Livros. Com um atraso de algumas dezenas de anos, comecei a ler o Guerra e Paz. Quatro volumes quatro, como se diria em linguagem taurina. Perante o riso escarninho de alguns dos meus leitores por esta falha cultural tão abjecta, direi em minha defesa: aguardei todos estes anos por uma tradução directa do russo para a nossa língua pátria. Chega como argumento? Intercalarei com livros que gente generosa me oferta, pelo que levarei o último volume para o lar de terceira idade - aquele que os meus descendentes me escolherem, e que assistirá à minha incontinência, assim como ao fio de saliva que escorrerá pela comissura dos lábios.
Música. Gosto de violoncelo. É talvez o instrumento musical com o som mais triste que conheço, mesmo considerando o som triste do oboé, nas palavras do Eça. Fechem os olhos, oiçam parte do 2º andamento do concerto de Dvorak e elogiem o meu bom gosto - por convicção ou amabilidade. Não preciso de mais nada...
JdB
Música: que não seja por isso, JdB! Lindíssimo! Um lindíssimo convicto, não por amabilidade. Tenha um bom dia dentro e fora das suas assoalhadas localizadas numa das aldeias mais bonitas, elegantes e agradáveis de Portugal (à excepção da Foz, que ainda prefiro mais). Bjs, pcp
ResponderEliminarBom dia JdB,
ResponderEliminarDos seus salpicos de hoje aquilo que me picou foi a sua vontade de ler o Guerra e Paz. Fiquei nuns nervos! Não acha mais divertido voltar a ver a série que deu anos a fio na televisão?

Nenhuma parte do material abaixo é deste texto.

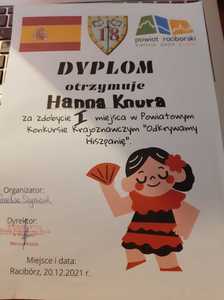 I miejsce w tym konkursie zdobyła Hania Knura z klasy V i była to jedyna uczestniczka z naszej szkoły. Bardzo jej gratulujemy kolejnych już sukcesów. Gracias.

Gostava de ouvir outra música, esta está na linha do guerra e paz. Posso fazer uma sugestão e dedicá-la a um amigo e frequentador deste blog? Instruções - ouvir em silêncio!http://www.youtube.com/watch?v=twsBYJhiI_g
João: ponto a ponto…
ResponderEliminarTelefonema: só há pouco comecei a sentir o prazer de receber e a aprender o jeito de dar uma palavra amiga num momento de aflição. Nunca valorizei muito isso, porque sempre me foi mais cómodo resolver os problemas sozinha. Mas quando, de repente, os problemas começam a ultrapassar-nos…
Blogues: obrigada, João! :-)))
Histórias: compreendo-o muito bem. Quando a minha vida começa a confinar-se, demasiadamente, às quatro paredes de minha casa, começo a sentir falta de assunto. Mas pode sempre inventar-se. Há excelentes romancistas que escreveram com inexcedível realismo a partir do mero conhecimento de si próprios. Por outro lado, há «íntimos» que nunca são maçadores…
Livros: passo, para não ter de confessar uma falha cultural abjecta. ;-)))
Música: o seu gosto musical é de um refinamento e de uma sensibilidade praticamente insuperáveis, João. Está dito! ;-)
JDB - Não vou elogiar o seu bom gosto... mas sim a sua sensibilidade... e não é por amabilidade e nem por convicção, mas por fazer parte do mesmo gênero que vc... do gênero humano... humano que ainda sente, vê, escuta, aprecia e aplaude o belo... Almas com esta sensibilidade merecem todos os elogios do mundo! Agradeço pelo presente que vc me deu ao postar este vídeo... Sinceramente - Abs Zayb.